### DATA SECTION:

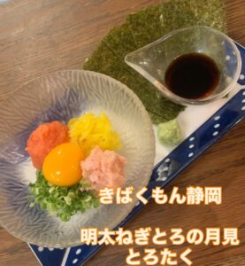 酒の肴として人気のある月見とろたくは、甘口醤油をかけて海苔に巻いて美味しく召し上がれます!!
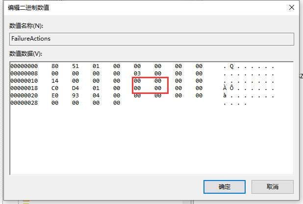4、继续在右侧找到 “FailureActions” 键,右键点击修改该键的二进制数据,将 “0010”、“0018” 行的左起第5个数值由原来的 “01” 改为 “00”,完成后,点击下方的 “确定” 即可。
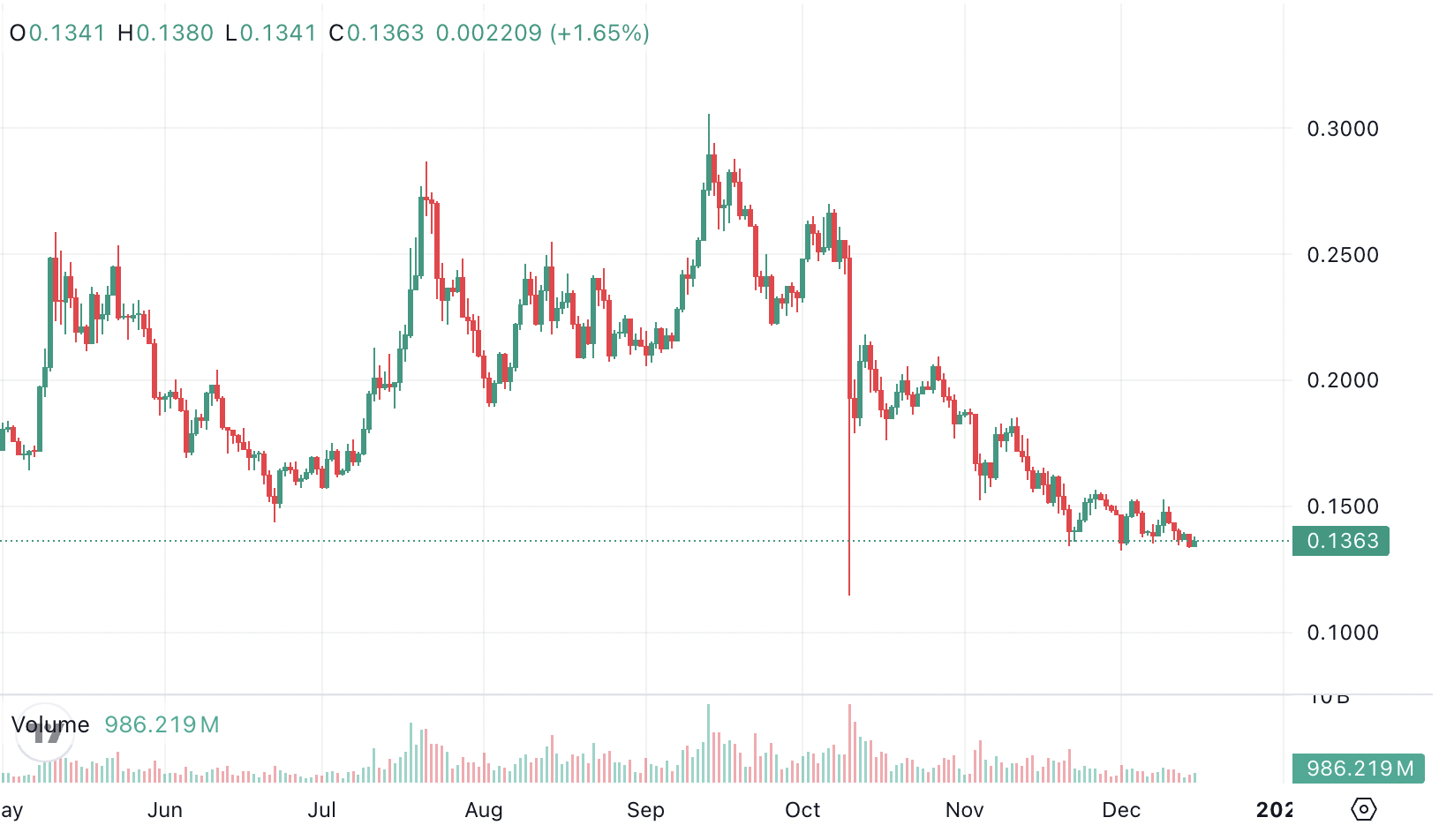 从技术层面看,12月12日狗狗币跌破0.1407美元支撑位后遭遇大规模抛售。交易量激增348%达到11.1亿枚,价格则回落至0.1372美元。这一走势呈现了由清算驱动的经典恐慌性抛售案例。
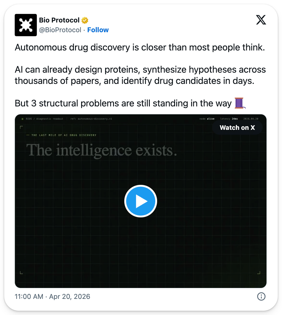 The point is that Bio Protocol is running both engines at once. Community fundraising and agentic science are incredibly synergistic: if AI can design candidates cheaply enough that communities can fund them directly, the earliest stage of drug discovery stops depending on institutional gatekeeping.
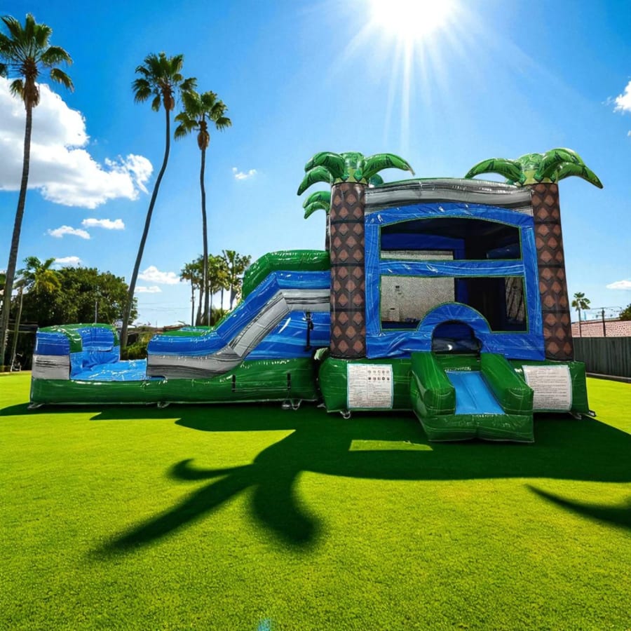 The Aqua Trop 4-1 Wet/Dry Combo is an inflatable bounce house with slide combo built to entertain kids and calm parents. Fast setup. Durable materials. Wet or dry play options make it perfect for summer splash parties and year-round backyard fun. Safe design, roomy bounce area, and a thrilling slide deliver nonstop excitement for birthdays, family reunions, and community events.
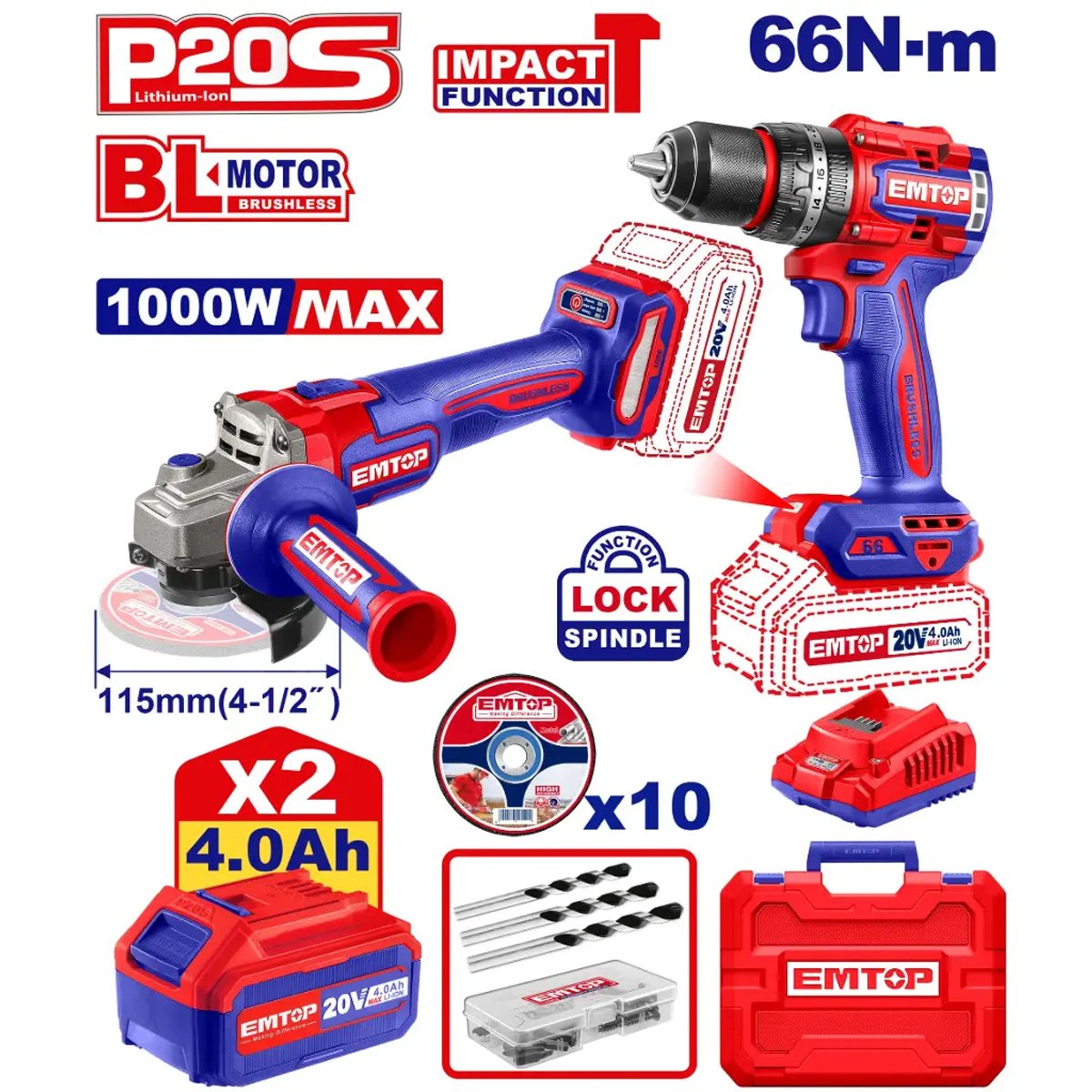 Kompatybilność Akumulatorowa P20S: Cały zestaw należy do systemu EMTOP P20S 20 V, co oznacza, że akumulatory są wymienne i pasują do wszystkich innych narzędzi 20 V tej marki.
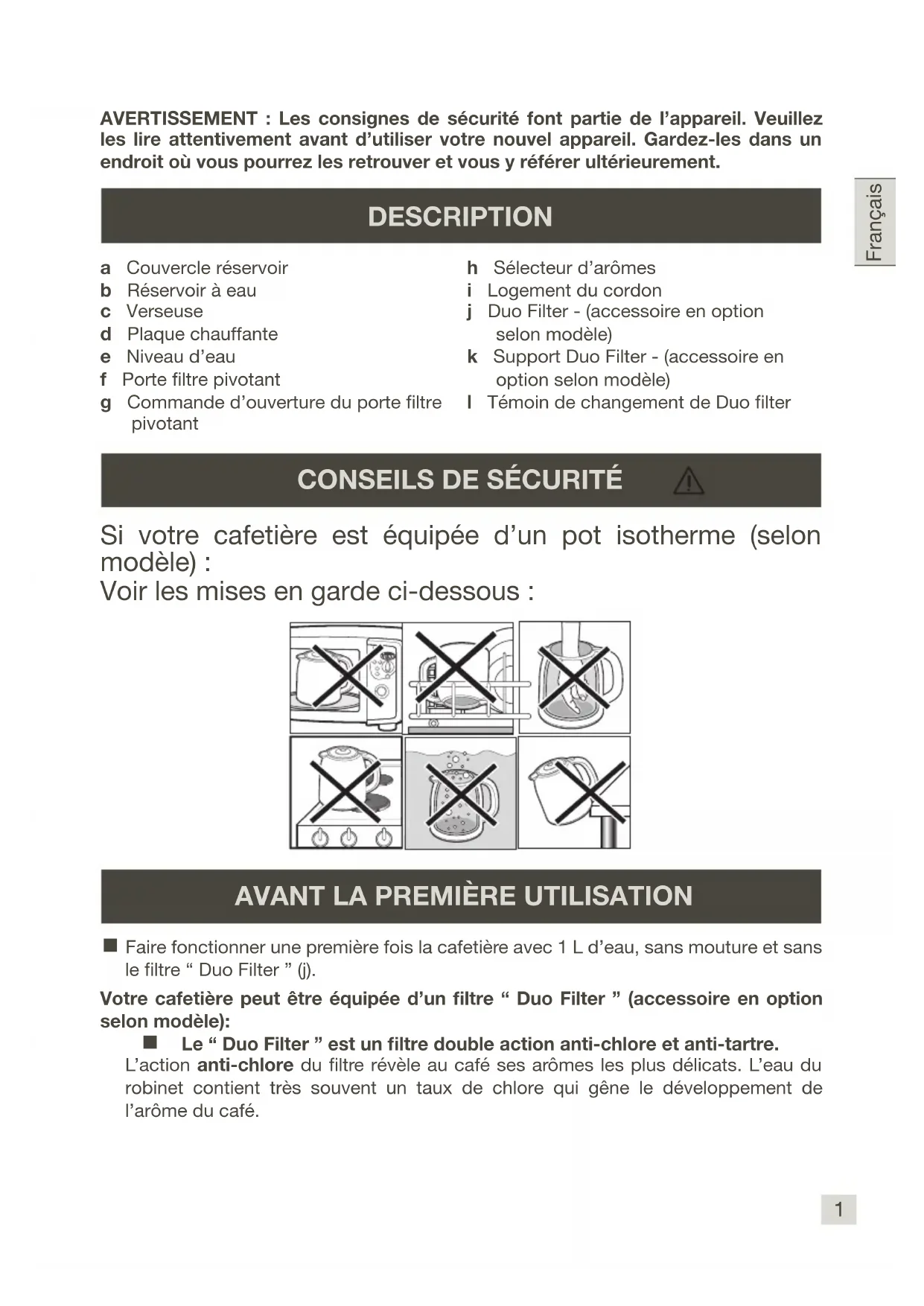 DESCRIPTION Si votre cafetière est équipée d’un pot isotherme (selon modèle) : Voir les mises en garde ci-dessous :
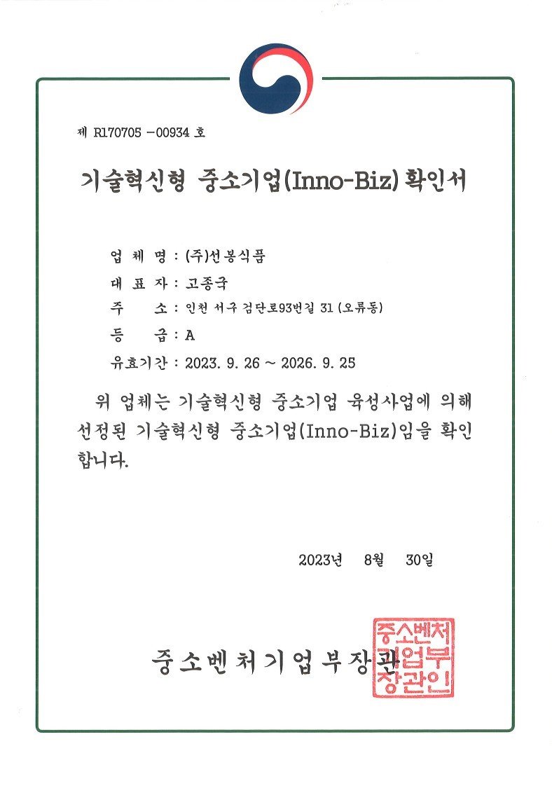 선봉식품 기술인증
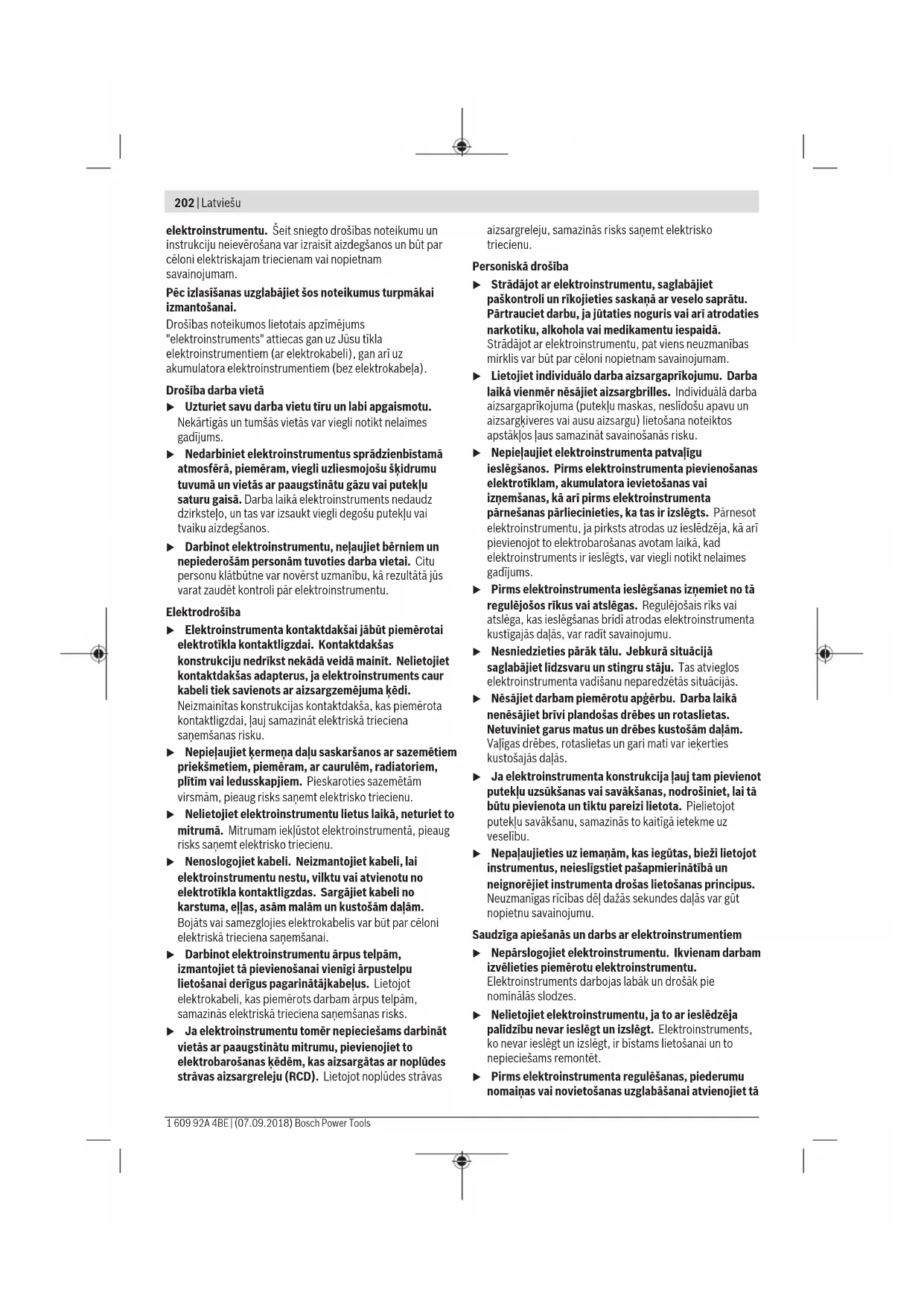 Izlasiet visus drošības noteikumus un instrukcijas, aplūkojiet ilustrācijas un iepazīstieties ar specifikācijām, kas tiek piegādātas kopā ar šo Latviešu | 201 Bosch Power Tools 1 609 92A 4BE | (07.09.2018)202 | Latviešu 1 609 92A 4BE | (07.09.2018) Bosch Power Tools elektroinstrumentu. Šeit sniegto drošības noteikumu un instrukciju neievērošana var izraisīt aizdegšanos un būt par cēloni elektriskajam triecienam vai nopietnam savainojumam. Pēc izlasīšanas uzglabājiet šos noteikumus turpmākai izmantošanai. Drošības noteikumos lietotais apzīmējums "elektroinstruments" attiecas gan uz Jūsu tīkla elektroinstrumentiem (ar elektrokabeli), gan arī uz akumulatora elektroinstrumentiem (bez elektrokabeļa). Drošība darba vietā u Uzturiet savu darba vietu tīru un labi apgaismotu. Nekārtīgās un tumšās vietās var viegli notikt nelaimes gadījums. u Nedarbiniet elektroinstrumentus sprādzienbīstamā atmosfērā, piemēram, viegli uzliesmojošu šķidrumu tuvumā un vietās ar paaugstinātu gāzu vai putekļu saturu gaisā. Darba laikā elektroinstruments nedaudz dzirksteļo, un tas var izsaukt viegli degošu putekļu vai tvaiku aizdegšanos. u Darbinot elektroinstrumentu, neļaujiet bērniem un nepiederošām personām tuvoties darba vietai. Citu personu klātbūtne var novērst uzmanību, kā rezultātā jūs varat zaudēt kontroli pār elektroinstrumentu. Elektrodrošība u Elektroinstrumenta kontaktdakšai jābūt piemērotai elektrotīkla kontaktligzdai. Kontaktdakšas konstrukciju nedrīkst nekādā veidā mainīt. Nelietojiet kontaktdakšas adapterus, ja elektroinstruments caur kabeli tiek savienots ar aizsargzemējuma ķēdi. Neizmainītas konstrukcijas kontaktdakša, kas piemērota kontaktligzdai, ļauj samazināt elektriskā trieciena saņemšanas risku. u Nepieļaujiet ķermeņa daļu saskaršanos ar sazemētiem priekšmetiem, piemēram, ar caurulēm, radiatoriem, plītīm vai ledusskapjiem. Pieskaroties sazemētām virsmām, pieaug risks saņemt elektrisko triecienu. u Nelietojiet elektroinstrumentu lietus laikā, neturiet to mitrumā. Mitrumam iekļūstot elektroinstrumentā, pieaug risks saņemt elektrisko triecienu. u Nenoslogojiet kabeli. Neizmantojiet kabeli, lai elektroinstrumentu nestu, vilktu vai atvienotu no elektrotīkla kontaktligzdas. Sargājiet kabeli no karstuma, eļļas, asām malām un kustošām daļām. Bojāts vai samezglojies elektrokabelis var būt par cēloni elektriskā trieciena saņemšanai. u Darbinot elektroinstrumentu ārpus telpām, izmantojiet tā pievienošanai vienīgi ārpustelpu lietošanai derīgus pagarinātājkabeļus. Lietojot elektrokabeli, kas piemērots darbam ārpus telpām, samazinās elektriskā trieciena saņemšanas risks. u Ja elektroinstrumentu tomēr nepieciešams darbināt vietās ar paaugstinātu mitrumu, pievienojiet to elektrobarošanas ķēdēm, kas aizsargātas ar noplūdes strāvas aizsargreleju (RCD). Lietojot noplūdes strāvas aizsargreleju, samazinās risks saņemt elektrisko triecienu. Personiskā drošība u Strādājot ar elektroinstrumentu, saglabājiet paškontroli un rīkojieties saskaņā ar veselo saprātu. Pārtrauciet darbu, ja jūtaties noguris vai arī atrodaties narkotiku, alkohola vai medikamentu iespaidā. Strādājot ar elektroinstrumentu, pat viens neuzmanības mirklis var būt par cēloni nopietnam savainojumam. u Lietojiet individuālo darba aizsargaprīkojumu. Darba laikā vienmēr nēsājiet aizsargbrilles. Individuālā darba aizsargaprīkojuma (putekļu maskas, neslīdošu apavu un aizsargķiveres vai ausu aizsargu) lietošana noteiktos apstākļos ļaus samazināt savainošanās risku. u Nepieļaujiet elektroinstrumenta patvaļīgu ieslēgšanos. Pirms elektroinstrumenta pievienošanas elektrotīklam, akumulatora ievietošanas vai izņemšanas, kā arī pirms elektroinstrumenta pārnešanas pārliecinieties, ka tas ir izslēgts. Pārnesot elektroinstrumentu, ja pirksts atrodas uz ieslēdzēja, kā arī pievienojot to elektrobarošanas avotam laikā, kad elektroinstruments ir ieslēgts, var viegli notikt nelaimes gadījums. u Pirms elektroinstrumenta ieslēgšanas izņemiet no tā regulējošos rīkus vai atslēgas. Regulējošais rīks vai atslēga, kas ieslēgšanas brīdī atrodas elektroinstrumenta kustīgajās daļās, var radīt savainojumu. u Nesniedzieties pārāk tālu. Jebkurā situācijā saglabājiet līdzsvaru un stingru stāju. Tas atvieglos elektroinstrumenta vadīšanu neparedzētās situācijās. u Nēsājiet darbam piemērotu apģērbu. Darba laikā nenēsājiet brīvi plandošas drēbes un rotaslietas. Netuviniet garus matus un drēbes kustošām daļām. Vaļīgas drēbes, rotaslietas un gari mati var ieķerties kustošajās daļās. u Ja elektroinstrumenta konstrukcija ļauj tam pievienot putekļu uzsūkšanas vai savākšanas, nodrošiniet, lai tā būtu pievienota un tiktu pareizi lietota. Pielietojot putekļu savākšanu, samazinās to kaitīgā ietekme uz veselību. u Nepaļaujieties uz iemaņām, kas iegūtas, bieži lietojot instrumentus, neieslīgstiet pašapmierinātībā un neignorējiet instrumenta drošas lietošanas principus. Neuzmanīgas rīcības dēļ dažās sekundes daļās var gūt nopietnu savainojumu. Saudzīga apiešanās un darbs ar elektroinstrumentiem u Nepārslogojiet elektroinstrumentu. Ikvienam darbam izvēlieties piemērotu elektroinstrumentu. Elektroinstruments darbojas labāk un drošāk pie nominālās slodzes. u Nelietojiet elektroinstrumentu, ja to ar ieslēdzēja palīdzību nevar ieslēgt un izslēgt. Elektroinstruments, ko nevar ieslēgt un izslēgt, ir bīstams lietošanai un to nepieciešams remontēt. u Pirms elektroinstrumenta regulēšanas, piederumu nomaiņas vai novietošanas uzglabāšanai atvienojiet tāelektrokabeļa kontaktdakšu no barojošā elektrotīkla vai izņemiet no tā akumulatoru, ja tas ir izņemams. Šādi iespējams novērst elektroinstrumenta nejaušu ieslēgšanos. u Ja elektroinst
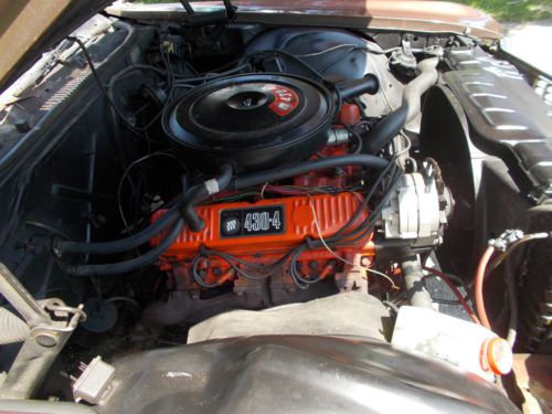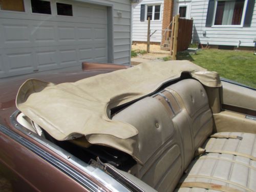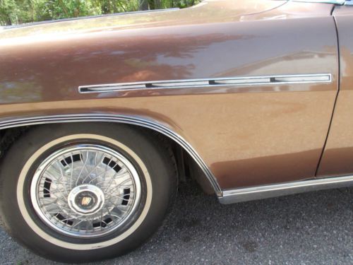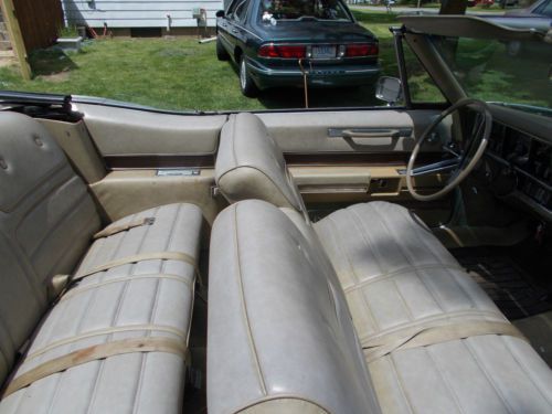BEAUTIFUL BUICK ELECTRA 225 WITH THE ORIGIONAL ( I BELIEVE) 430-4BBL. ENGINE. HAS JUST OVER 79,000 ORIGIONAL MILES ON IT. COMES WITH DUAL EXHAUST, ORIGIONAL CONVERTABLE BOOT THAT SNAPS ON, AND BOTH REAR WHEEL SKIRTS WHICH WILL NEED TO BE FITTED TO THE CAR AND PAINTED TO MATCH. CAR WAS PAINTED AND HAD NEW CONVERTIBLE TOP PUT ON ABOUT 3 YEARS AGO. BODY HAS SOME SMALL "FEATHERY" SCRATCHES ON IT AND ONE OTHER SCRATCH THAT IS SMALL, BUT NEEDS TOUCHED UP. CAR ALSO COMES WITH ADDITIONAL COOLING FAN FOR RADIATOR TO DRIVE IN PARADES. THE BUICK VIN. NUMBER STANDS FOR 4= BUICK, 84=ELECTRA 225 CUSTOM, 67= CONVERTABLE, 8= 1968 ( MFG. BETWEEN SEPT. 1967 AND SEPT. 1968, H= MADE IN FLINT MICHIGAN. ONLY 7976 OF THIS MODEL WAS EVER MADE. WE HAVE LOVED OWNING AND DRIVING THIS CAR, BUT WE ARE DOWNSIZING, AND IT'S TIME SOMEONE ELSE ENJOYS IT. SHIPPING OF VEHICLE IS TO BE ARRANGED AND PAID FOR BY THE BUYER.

### WORK REQUEST:
Leave out any pictures, please, and quote only the lines from the top of the data through the line that contains "The Aqua Trop".

### REPLY:
 酒の肴として人気のある月見とろたくは、甘口醤油をかけて海苔に巻いて美味しく召し上がれます!!
4、继续在右侧找到 “FailureActions” 键,右键点击修改该键的二进制数据,将 “0010”、“0018” 行的左起第5个数值由原来的 “01” 改为 “00”,完成后,点击下方的 “确定” 即可。
 从技术层面看,12月12日狗狗币跌破0.1407美元支撑位后遭遇大规模抛售。交易量激增348%达到11.1亿枚,价格则回落至0.1372美元。这一走势呈现了由清算驱动的经典恐慌性抛售案例。
 The point is that Bio Protocol is running both engines at once. Community fundraising and agentic science are incredibly synergistic: if AI can design candidates cheaply enough that communities can fund them directly, the earliest stage of drug discovery stops depending on institutional gatekeeping.
 The Aqua Trop 4-1 Wet/Dry Combo is an inflatable bounce house with slide combo built to entertain kids and calm parents. Fast setup. Durable materials. Wet or dry play options make it perfect for summer splash parties and year-round backyard fun. Safe design, roomy bounce area, and a thrilling slide deliver nonstop excitement for birthdays, family reunions, and community events.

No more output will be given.